Monday, May 05, 2014

Reviewing the Mail: Week of 5/3

Welcome to another Monday! The tiny bit I can do to relieve that Monday-morning feeling is to let you know about some books that may (or may not; I don't know you) turn out to be the most wonderful things you've read in years. These five books below came to me because I review books here, but I haven't read any of them yet -- they only just showed up. But I might be able to tell you interesting things about them anyway, and I'll definitely try:

Valour and Vanity is the fourth novel by Campbell and Hugo-winner Mary Robinette Kowal, and the fourth book in the series began with Shades of Milk and Honey. (See my review of that and the second book in the series, Glamour in Glass, for more details on the series.) It appears that these books -- set in Regency England and nearby parts, in a history at first only very mildly alternate, with the addition of purely decorative magical arts -- are diverging further from real history, or at least from Shades's very Jane-Austen style. This one, in fact, has pirates and what seems to be a heist plot. It's a Tor hardcover, available now.

The Silk Map -- a trade paperback from Pyr, hitting stores on May 6th -- continues the heroic fantasy series about poet Persimmon Gaunt and her husband, the thief Imago Bone, which began in The Scroll of Years.  In the first book, they saved their son but stuck him in a pocket dimension -- so, this time, they're traveling their world's equivalent of the Silk Road in search of  complicated way to bring their child back. It sounds like big, adventurous, swashbuckling sword and sorcery, of the kind that Pyr specializes in and no one else is doing much.

Most of the books I see are things that I'm comfortable categories in a few words: epic fantasy, space opera, hardboiled mysteries, young adult dystopias. But there are exceptions. Everybody Dies -- a heavily illustrated book by noted YouTuber Ken Tanaka and journeyman actor David Ury -- is one of the big ones. It's subtitled "a children's book for grown-ups," and I have a suspicion it's inspired, at least in part, by the famous Everybody Poops. In any case, this is an oddball, pseudo-picture book look at death with bright pictures, and it's coming from Harper Design on May 27th.

Prince of Fools is the first book in a epic fantasy trilogy (The Red Queen's War), on the darker side -- author Mark Lawrence's first trilogy, The Broken Empire, was compared to George R.R. Martin repeatedly, and not because both of them are Jets fans. This one begins an entirely separate story in the same world as that previous trilogy, and is an Ace hardcover arriving June 3rd. It's also promised to be a bit lighter than that first trilogy, which may mean there are some moments that aren't grimdark -- or that there's a comic-relief character, or that the ending is less bleak, or a dozen other things.

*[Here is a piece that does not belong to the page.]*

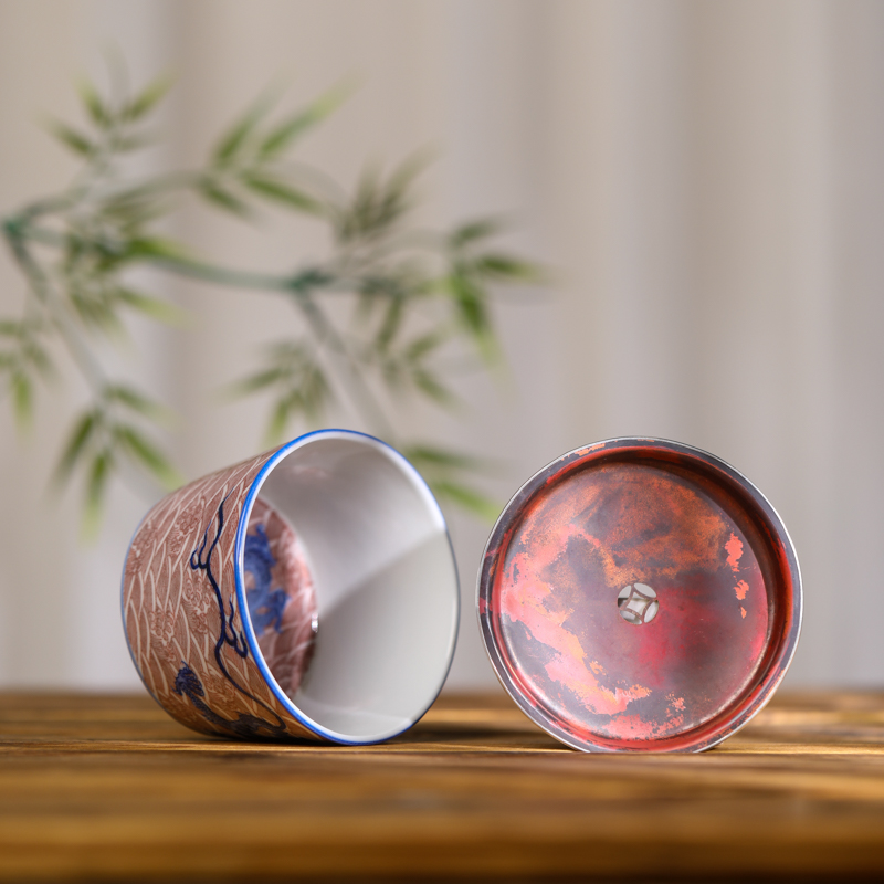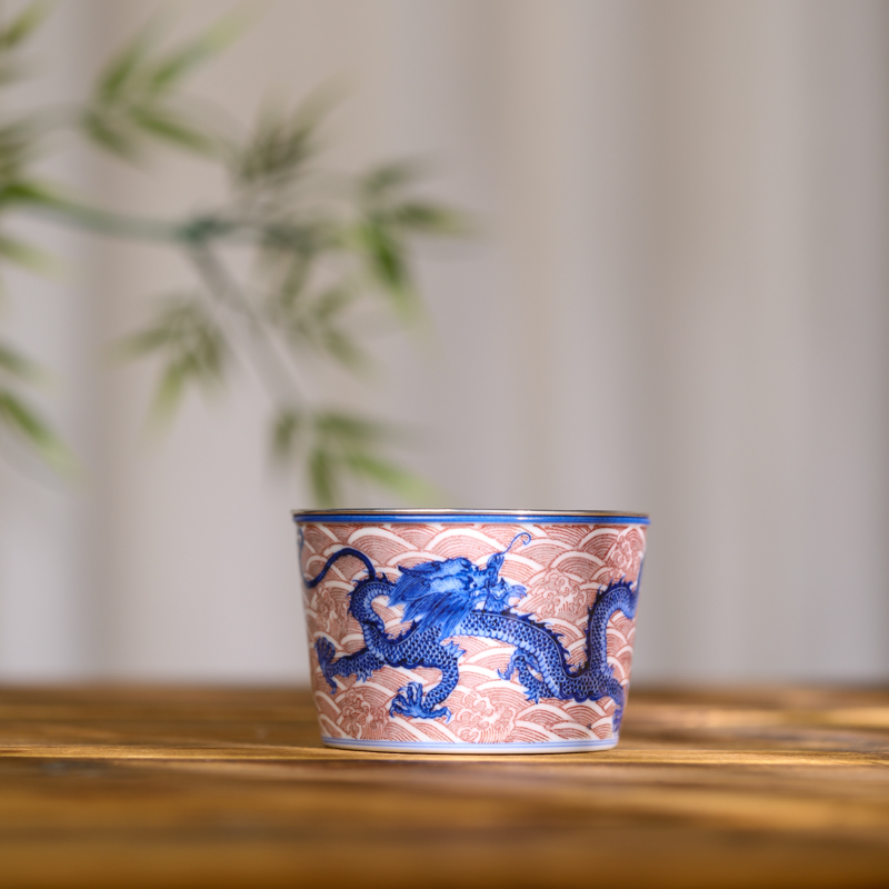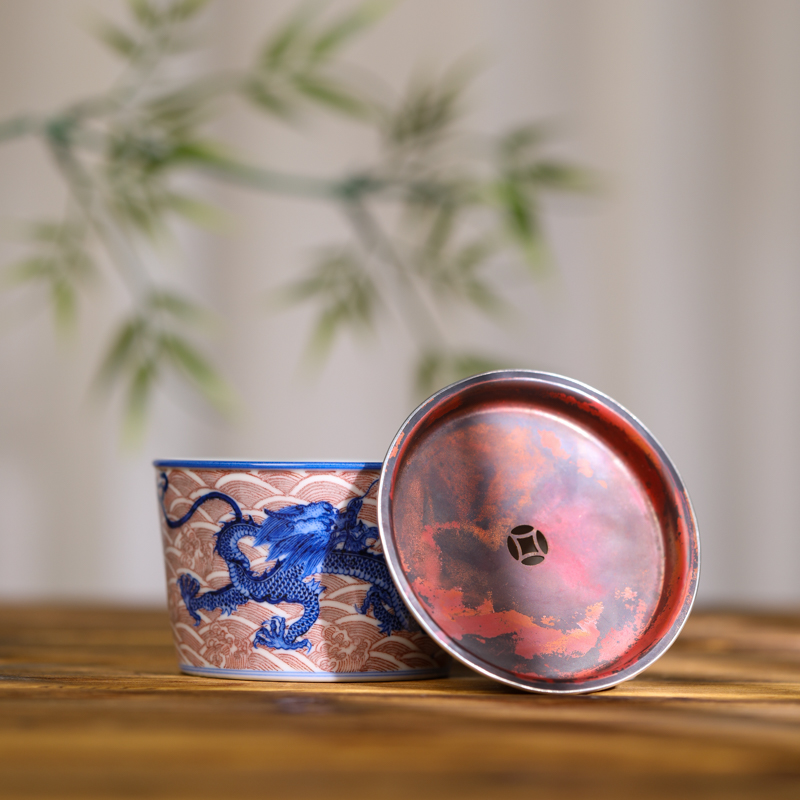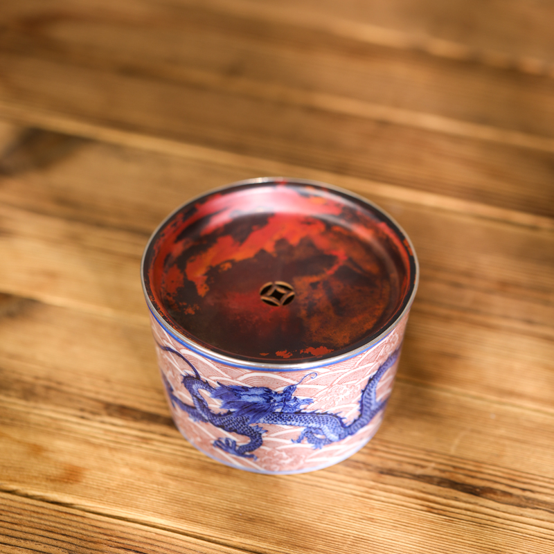 【忘言】 青花釉里红海水龙纹手工铜盖建水 曰何文人器

And last for this week is the newest "Dresden Files" book from Jim Butcher, Skin Game. Harry Dresden, who is still described as Chicago's only professional wizard -- though I don't think he's actually taken a case from the public or earned any money in the mundane world for at least ten books now -- is this time forced into a major supernatural heist by his new boss, Queen Mab, along with one of his biggest enemies and featuring even more than the usual allotment of backstabbing, treachery, and danger. It's a Roc hardcover, arriving May 27th.